#### EXCERPTED DATA

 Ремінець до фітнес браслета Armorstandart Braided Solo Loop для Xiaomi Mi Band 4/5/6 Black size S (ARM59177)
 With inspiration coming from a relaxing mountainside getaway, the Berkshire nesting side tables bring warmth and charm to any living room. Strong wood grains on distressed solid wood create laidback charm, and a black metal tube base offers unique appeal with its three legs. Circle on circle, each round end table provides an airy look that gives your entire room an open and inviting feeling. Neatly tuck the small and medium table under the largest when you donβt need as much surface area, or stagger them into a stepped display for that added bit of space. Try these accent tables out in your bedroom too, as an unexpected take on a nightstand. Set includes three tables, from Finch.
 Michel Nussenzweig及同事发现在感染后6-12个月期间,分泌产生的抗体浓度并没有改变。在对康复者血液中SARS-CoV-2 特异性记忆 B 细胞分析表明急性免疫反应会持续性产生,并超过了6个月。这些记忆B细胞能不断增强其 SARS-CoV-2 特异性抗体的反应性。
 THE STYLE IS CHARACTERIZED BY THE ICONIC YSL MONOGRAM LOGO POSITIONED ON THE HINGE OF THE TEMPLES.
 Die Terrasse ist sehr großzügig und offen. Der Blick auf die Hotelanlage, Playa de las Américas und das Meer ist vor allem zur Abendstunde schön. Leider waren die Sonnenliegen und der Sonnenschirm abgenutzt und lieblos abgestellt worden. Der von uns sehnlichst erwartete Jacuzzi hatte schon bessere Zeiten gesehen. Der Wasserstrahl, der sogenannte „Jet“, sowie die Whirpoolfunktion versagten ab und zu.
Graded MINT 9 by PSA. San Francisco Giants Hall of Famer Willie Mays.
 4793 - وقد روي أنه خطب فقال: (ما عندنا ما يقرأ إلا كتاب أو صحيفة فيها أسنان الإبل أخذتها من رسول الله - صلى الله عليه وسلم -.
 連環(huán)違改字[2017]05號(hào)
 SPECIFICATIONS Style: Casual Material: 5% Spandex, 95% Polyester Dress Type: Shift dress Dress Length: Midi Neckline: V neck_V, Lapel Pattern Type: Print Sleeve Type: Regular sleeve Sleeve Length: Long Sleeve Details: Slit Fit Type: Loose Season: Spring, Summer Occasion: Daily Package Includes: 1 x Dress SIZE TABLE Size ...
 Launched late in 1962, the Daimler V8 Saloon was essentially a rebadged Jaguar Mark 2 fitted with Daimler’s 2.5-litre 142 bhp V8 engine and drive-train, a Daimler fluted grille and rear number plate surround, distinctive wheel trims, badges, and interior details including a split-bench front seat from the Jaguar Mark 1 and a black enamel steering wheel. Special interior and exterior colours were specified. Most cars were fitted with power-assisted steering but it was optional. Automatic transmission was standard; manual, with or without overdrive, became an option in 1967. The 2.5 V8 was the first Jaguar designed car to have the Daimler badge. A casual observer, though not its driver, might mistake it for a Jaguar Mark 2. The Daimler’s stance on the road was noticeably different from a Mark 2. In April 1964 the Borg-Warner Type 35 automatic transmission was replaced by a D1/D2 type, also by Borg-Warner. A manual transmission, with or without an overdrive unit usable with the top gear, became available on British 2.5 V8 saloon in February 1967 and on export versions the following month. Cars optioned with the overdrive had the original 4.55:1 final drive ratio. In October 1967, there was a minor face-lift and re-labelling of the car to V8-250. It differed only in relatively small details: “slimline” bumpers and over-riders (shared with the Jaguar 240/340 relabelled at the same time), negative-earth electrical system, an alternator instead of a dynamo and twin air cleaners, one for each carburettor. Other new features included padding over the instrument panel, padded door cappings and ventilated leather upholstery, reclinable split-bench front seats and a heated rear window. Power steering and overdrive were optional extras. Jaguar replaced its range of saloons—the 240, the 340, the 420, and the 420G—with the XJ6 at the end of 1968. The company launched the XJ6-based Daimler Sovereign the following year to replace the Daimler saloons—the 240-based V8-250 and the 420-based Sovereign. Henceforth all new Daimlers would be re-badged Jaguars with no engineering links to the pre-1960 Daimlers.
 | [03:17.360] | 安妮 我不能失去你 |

#### PROBLEM STATEMENT
Could you please retype the lines from the start of the data through the line with "SPECIFICATIONS Style: Casual", both included, and nothing else?

#### EXERCISE RESULT
 Ремінець до фітнес браслета Armorstandart Braided Solo Loop для Xiaomi Mi Band 4/5/6 Black size S (ARM59177)
 With inspiration coming from a relaxing mountainside getaway, the Berkshire nesting side tables bring warmth and charm to any living room. Strong wood grains on distressed solid wood create laidback charm, and a black metal tube base offers unique appeal with its three legs. Circle on circle, each round end table provides an airy look that gives your entire room an open and inviting feeling. Neatly tuck the small and medium table under the largest when you donβt need as much surface area, or stagger them into a stepped display for that added bit of space. Try these accent tables out in your bedroom too, as an unexpected take on a nightstand. Set includes three tables, from Finch.
 Michel Nussenzweig及同事发现在感染后6-12个月期间,分泌产生的抗体浓度并没有改变。在对康复者血液中SARS-CoV-2 特异性记忆 B 细胞分析表明急性免疫反应会持续性产生,并超过了6个月。这些记忆B细胞能不断增强其 SARS-CoV-2 特异性抗体的反应性。
 THE STYLE IS CHARACTERIZED BY THE ICONIC YSL MONOGRAM LOGO POSITIONED ON THE HINGE OF THE TEMPLES.
 Die Terrasse ist sehr großzügig und offen. Der Blick auf die Hotelanlage, Playa de las Américas und das Meer ist vor allem zur Abendstunde schön. Leider waren die Sonnenliegen und der Sonnenschirm abgenutzt und lieblos abgestellt worden. Der von uns sehnlichst erwartete Jacuzzi hatte schon bessere Zeiten gesehen. Der Wasserstrahl, der sogenannte „Jet“, sowie die Whirpoolfunktion versagten ab und zu.
Graded MINT 9 by PSA. San Francisco Giants Hall of Famer Willie Mays.
 4793 - وقد روي أنه خطب فقال: (ما عندنا ما يقرأ إلا كتاب أو صحيفة فيها أسنان الإبل أخذتها من رسول الله - صلى الله عليه وسلم -.
 連環(huán)違改字[2017]05號(hào)
 SPECIFICATIONS Style: Casual Material: 5% Spandex, 95% Polyester Dress Type: Shift dress Dress Length: Midi Neckline: V neck_V, Lapel Pattern Type: Print Sleeve Type: Regular sleeve Sleeve Length: Long Sleeve Details: Slit Fit Type: Loose Season: Spring, Summer Occasion: Daily Package Includes: 1 x Dress SIZE TABLE Size ...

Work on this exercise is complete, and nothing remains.